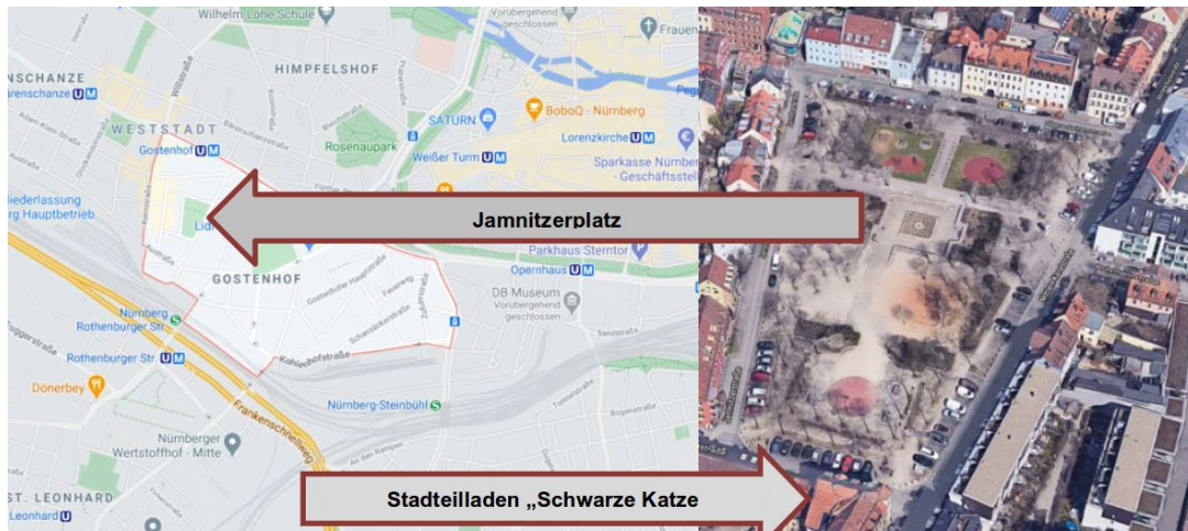
Die Karte des Stadtteils Gostenhof in Nürnberg zeigt die Standorte des Jamnitzerplatzes und des Szene-Lokals „Schwarze Katze“

einer umfassenden Sanierung des Stadtteils, um seinem Ruf als "Glasscherbenviertel" entgegenzuwirken. Gostenhof zählt seit dem Ende der 1980er Jahre zu einem der wichtigsten linksextremistischen Kristallisationspunkte in Bayern. Der Jamnitzerplatz, im Zentrum von Gostenhof gelegen, ist einer der bevorzugten Treffpunkte der örtlichen linksextremistischen Szene. In direkter Umgebung befindet sich auch seit mehreren Jahren das Szene-Lokal „Schwarze Katze“, das Linksextremisten als Treffpunkt und Anlaufstelle dient. Das Lokal ist Teil des „Selbstverwaltete[n] Kommunikationszentrum[s] Nürnberg e. V.“ (KOMM e. V.), das ebenfalls von linksextremistischen bzw. linksextremistisch beeinflussten Gruppierungen aufgesucht wird. Dort treffen sich, neben der postautonomen „Roten Hilfe“ (RH), die autonomen Gruppierungen „Organisierte Autonomie“ (OA) sowie die „Revolutionär Organisierte Jugendaktion“ (ROJA), die als unabhängige Jugendorganisation der OA zu betrachten ist.
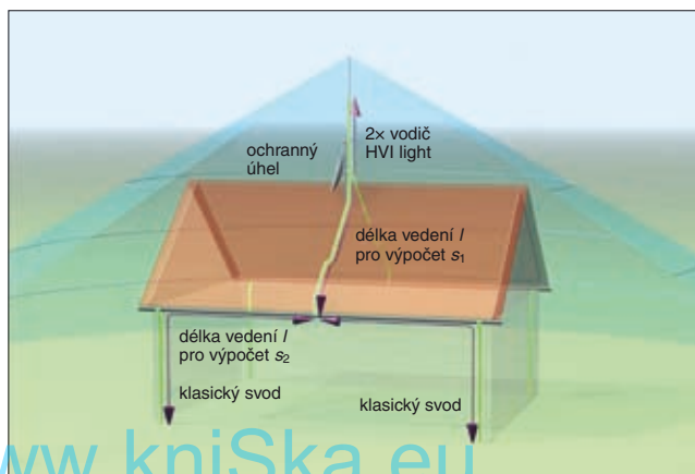
Obr. 1. Hromosvod realizovaný kombinací svodu HVI light a neizolovaných drátů – symetrické rozložení

Proudový můstek se rozvází a jednotlivými cestami nepotečou stejně velké proudy.
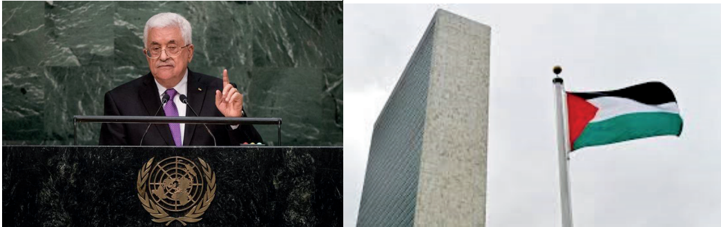
Mahmoud Abbas, en su primer discurso ante la Asamblea General de la ONU, el 30SEP15, y la bandera palestina ondeando por primera vez en la ONU.

de la Haya, aprovechando que también han sido aceptados como miembros en esta institución 74 .

**PROBLEM DETAILS**
From the line holding "Obr. 1. Hromosvod" to the final line of the data above, give each line again exactly, both ends included, and drop the pictures.

**YOUR SOLUTION**
Obr. 1. Hromosvod realizovaný kombinací svodu HVI light a neizolovaných drátů – symetrické rozložení

Proudový můstek se rozvází a jednotlivými cestami nepotečou stejně velké proudy.
Mahmoud Abbas, en su primer discurso ante la Asamblea General de la ONU, el 30SEP15, y la bandera palestina ondeando por primera vez en la ONU.

de la Haya, aprovechando que también han sido aceptados como miembros en esta institución 74 .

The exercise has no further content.